The online version of this article (https://​doi.​org/​10.​1186/​s13058-018-0955-5) contains supplementary material, which is available to authorized users.

Abstract

Background

Leukocyte telomere length (LTL) and mitochondrial genome (mtDNA) copy number and deletions have been proposed as risk markers for various cancer types, including breast cancer (BC).

Methods

To gain a more comprehensive picture on how these markers can modulate BC risk, alone or in conjunction, we performed simultaneous measurements of LTL and mtDNA copy number in up to 570 BC cases and 538 controls from the European Prospective Investigation into Cancer and Nutrition (EPIC) cohort. As a first step, we measured LTL and mtDNA copy number in 96 individuals for which a blood sample had been collected twice with an interval of 15 years.

Results

According to the intraclass correlation (ICC), we found very good stability over the time period for both measurements, with ICCs of 0.63 for LTL and 0.60 for mtDNA copy number.
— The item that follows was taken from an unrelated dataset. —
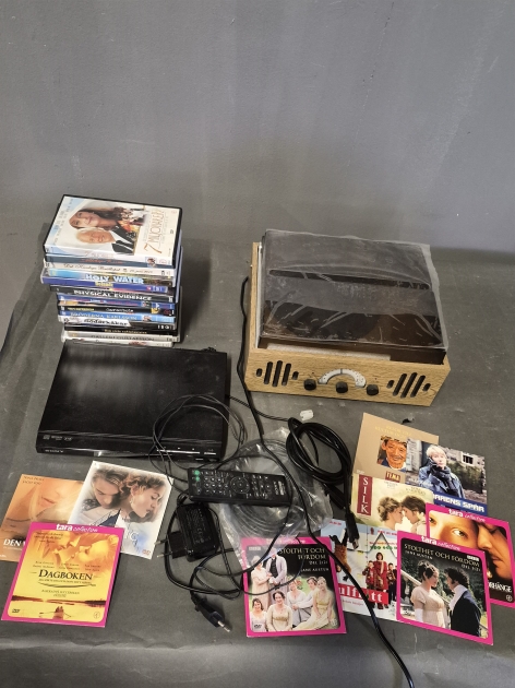 19603. Parti teknik & DVD filmer, skivspelare & DVD spelare största mått 28 x 32 cm, höjd 17 cm

In the analysis of the entire study sample, we observed that longer LTL was strongly associated with increased risk of BC (OR 2.71, 95% CI 1.58–4.65, p = 3.07 × 10− 4 for highest vs. lowest quartile; OR 3.20, 95% CI 1.57–6.55, p = 1.41 × 10− 3 as a continuous variable). We did not find any association between mtDNA copy number and BC risk; however, when considering only the functional copies, we observed an increased risk of developing estrogen receptor-positive BC (OR 2.47, 95% CI 1.05–5.80, p = 0.04 for highest vs. lowest quartile).

Conclusions

We observed a very good correlation between the markers over a period of 15 years. We confirm a role of LTL in BC carcinogenesis and suggest an effect of mtDNA copy number on BC risk.